13. The medical system of claim 12, wherein the second flow of gas in the second direction is generated from a source of compressed gas.

14. The medical system of claim 13, wherein the compressed gas source is CO₂And (7) a bottle.

15. The medical system of claim 13, wherein the source of compressed gas is at least 100 pounds per square inch.

16. The medical system of claim 9, wherein the first valve comprises a baffle movable in an aperture, wherein the baffle allows the first flow of air to be generated when the baffle is in a first position, and wherein the baffle allows the second flow of gas to be generated when the baffle is moved to a second position.

17. A method of clearing an obstruction from a surgical instrument, the method comprising:

providing the surgical instrument with a cutting assembly;

providing a manifold valve configured to be switchable between a first configuration and a second configuration;

providing a solenoid valve coupled to the manifold valve;

providing a source of pressurized gas coupled to the solenoid valve and configured to flow through the solenoid valve to the manifold valve; and

actuating the manifold valve and the solenoid valve to pass the flow through the manifold valve to clear an obstruction from the cutting assembly of the surgical instrument.

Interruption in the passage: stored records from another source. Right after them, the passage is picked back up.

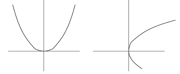 Left: original function, right: inverse function
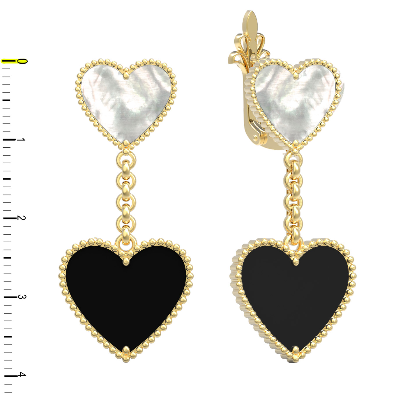 Серьги из лимонного золота 585 пробы c ониксом и перламутром
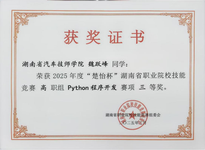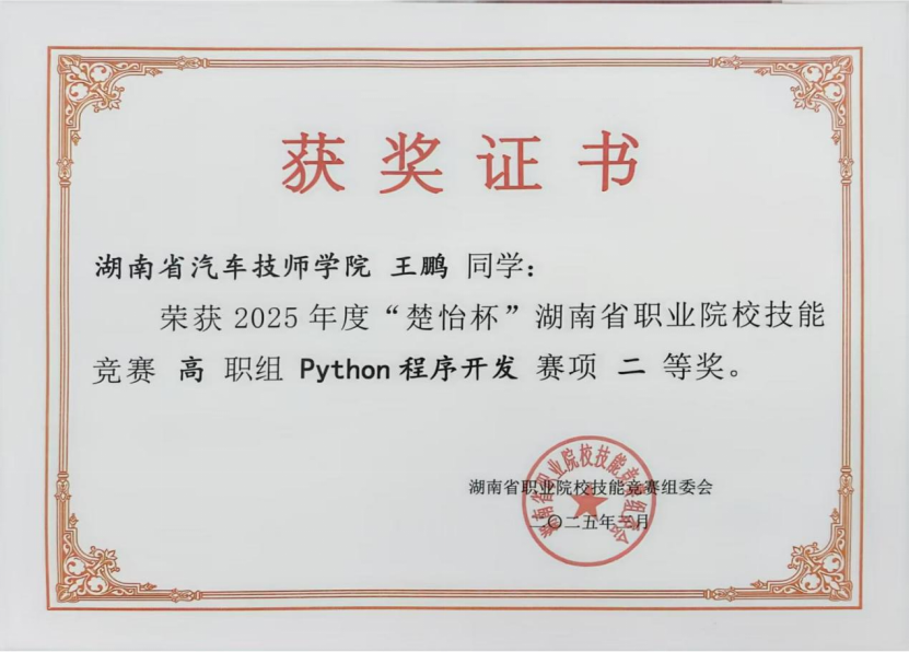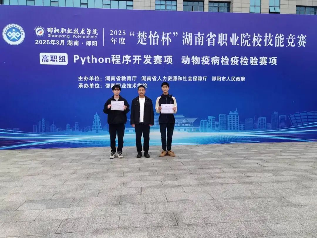 3月23日,2025年湖南省“楚怡杯”職業(yè)院校技能競賽高職組Python程序開發(fā)賽項在邵陽職業(yè)技術學院舉行,我院選手王鵬、魏躍峰與來自全省高職院校的226名大學生同臺競技,王鵬獲二等獎,魏躍峰獲三等獎。
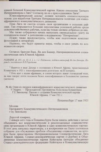Один из лидеров южноафриканского коммунистического движения У. Эндрюс — Председателю Президиума Исполкома Коминтерна Г. Е. Зиновьеву. Письмо о создании Коммунистической партии Южной Африки. Йоханнесбург, 17 мая 1921 г.
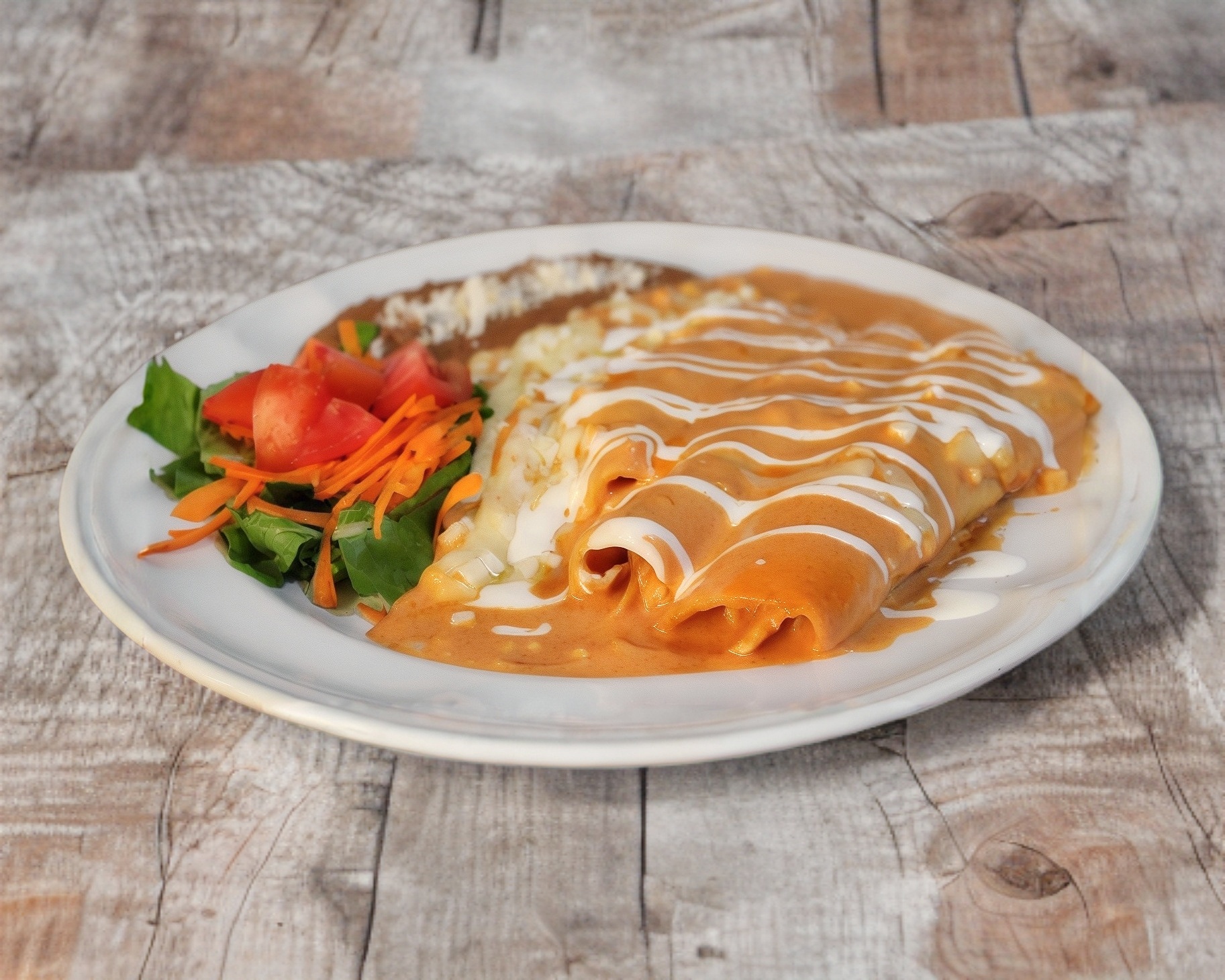 Arrachera, frijol, arroz, guacamole y enchilada roja.
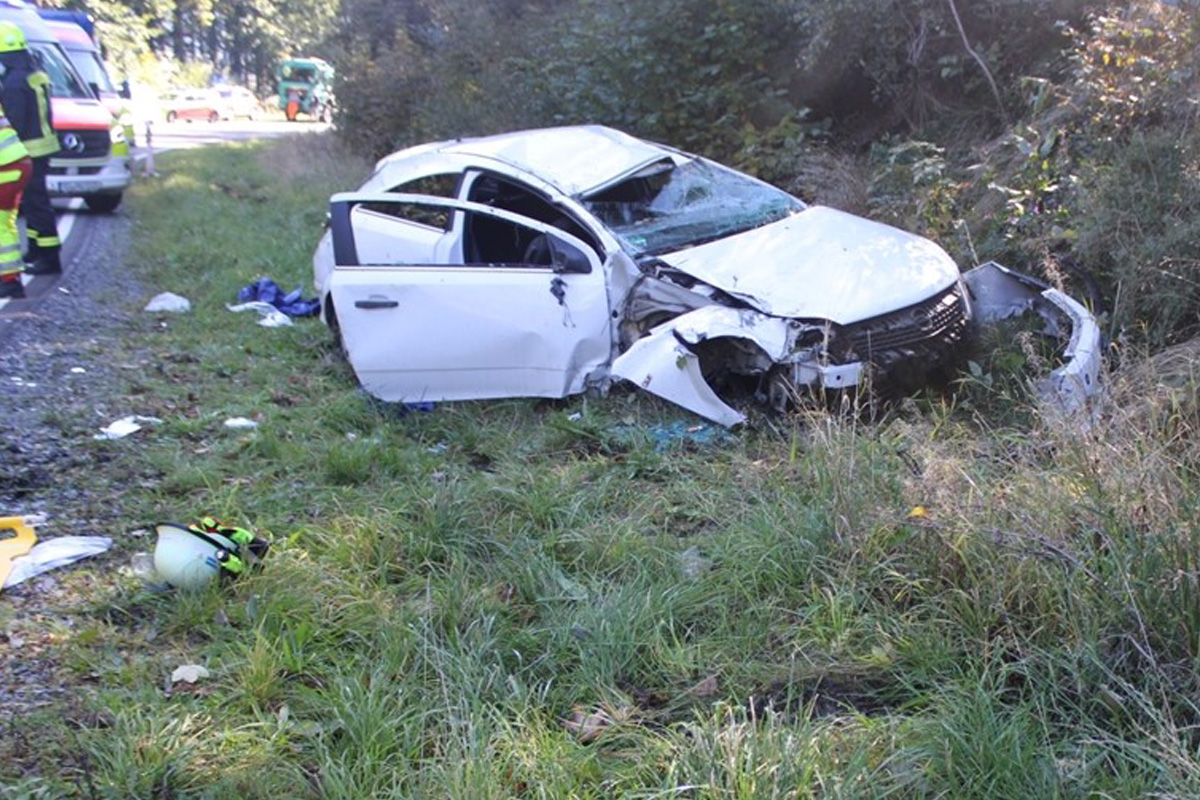 Im Bereich einer Linkskurve verlor sie die Kontrolle über das Fahrzeug. Der Astra kam nach rechts von der Fahrbahn ab, kollidierte mit einem Verkehrszeichen und überschlug sich nach derzeitigem Kenntnisstand mehrfach im angrenzenden Grünstreifen / Böschungsbereich.

18. The method of claim 17, wherein actuating the manifold valve comprises: applying the pressurized gas to switch the manifold valve from a first configuration in which air flows from the cutting assembly by suction in a first direction to a second configuration in which the pressurized gas flows to the cutting assembly in a second direction opposite the first direction to clear the obstruction.

19. The method of claim 17, wherein the compressed gas source is CO₂And (7) a bottle.

20. The method of claim 17, wherein the pressurized gas is at least about 100 pounds per square inch.